More people than ever are shunning traditional car buying in favour of a lease agreement – either through a PCH plan (personal contract hire) or a PCP plan (personal contract purchase). But new research suggests that over half of all of these drivers do not fully understand their company’s fair wear and tear policy and are not fully clued up on the terms. Do you fall into this category? 89% of charges made to people leasing cars are for repairs, as opposed to other issues such as missing keys or exceeding mileage. Most of these come as unexpected to the driver. So how can you avoid these extra charges?

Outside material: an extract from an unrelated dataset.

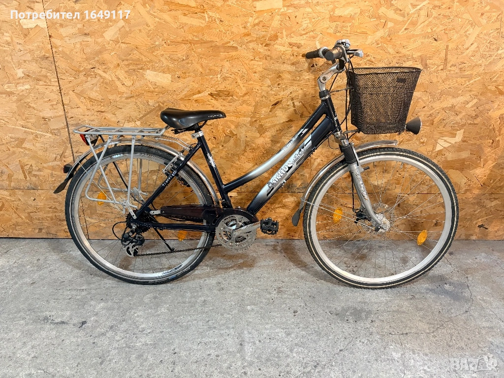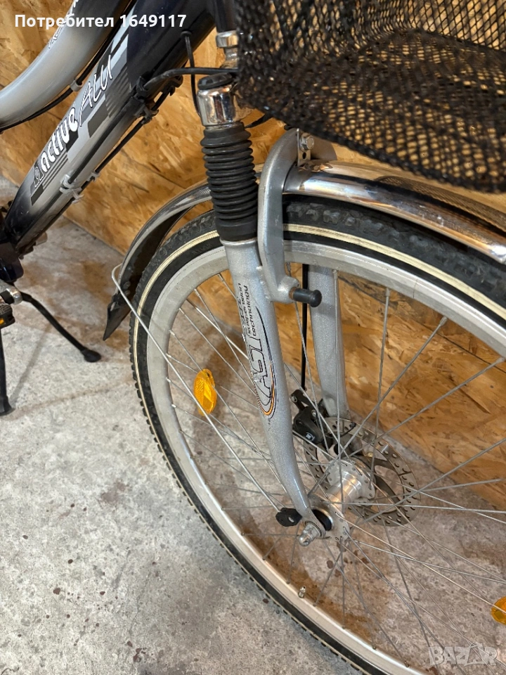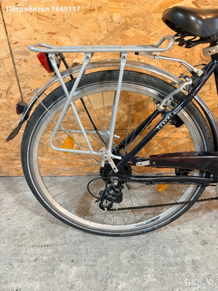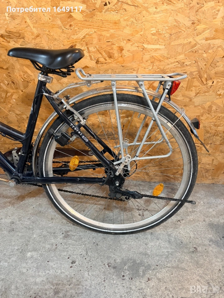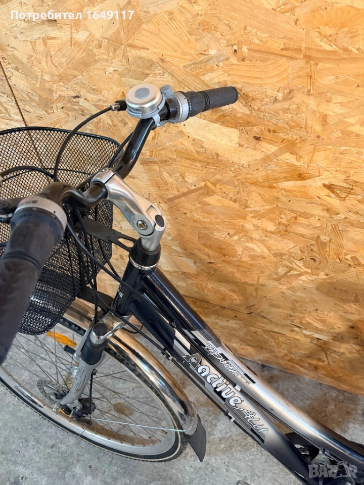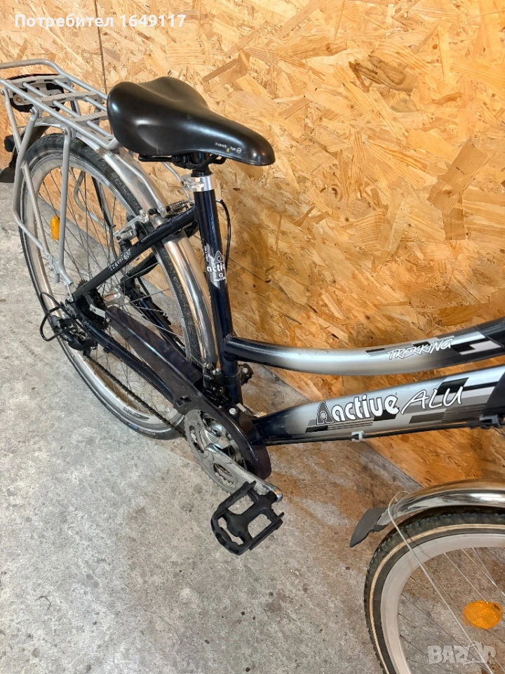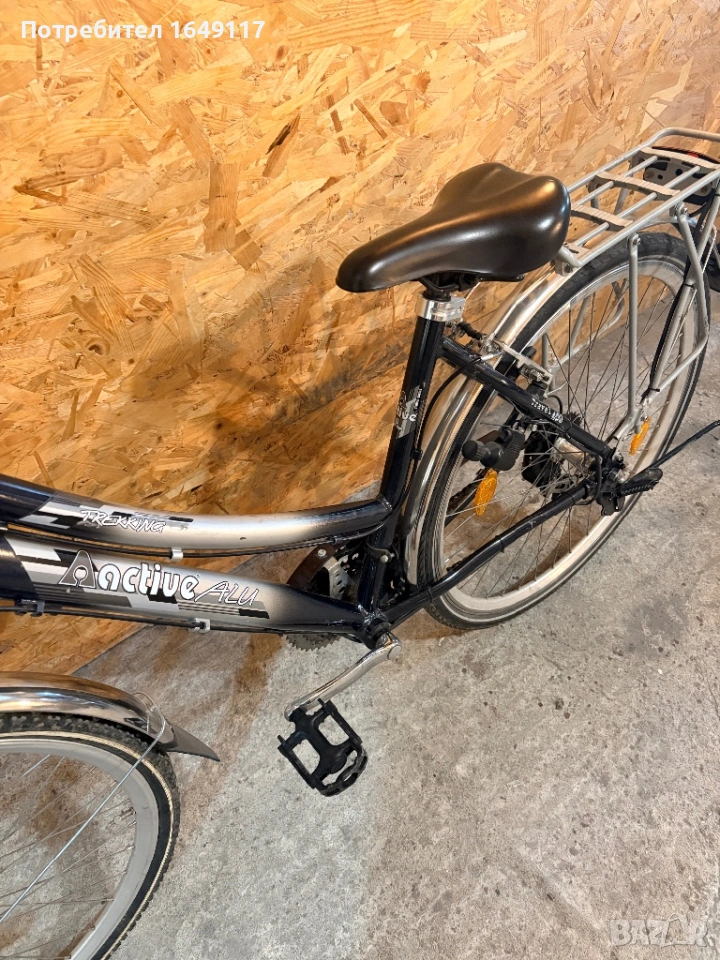 Продавам 28цола, малко употребяван, дамски-градски велосипед Active ALU Trekking Travel400[made in Germany]. Олекотена, алуминиева рамка - 48см. Външни скорости Shimano Acera - 24бр. c revo shift команди SRAM Max. Предна амортисьорна вилка AST. Никелирани курбели. Спортна, ергономична седалка. Алуминиеви, двойностенни - аеро капли Euro line, и гуми с усилен профил. Предна дискова спирачка + задна алуминиева V-break спирачка. Кормило с алуминиева-раздвижна лапа. Заден алуминиев багажник с натоварване до 25кг + кошница за багаж отпред. Никелирани калници, стойка, динамо с халогенен фар и габаритна светлина, светлоотразители, звънец.

Firstly, make sure that you thoroughly read your paperwork. A full understanding of what the terms entail is important when leasing any vehicle. Make yourself familiar with your cars fair wear and tear policy. Not just at the beginning of the lease, but a few weeks before the end of your lease too. As you reach the last few weeks of your lease, and you’ve given the car a good clean inside and out, assess your car for any damage that would be chargeable once you return your car. You can then shop around for quotes from a third-party company. However, before getting any repairs done, check that your policy allows repairs from a third-party company. This is often cheaper than what the leasing company would charge so it is worth checking out.
If your policy does not allow you to use a third-party company for the repairs, you could always try negotiating with the lease company – this is where your quotes from the third-party company may help you to establish a reasonable cost for repairs when you attempt to negotiate.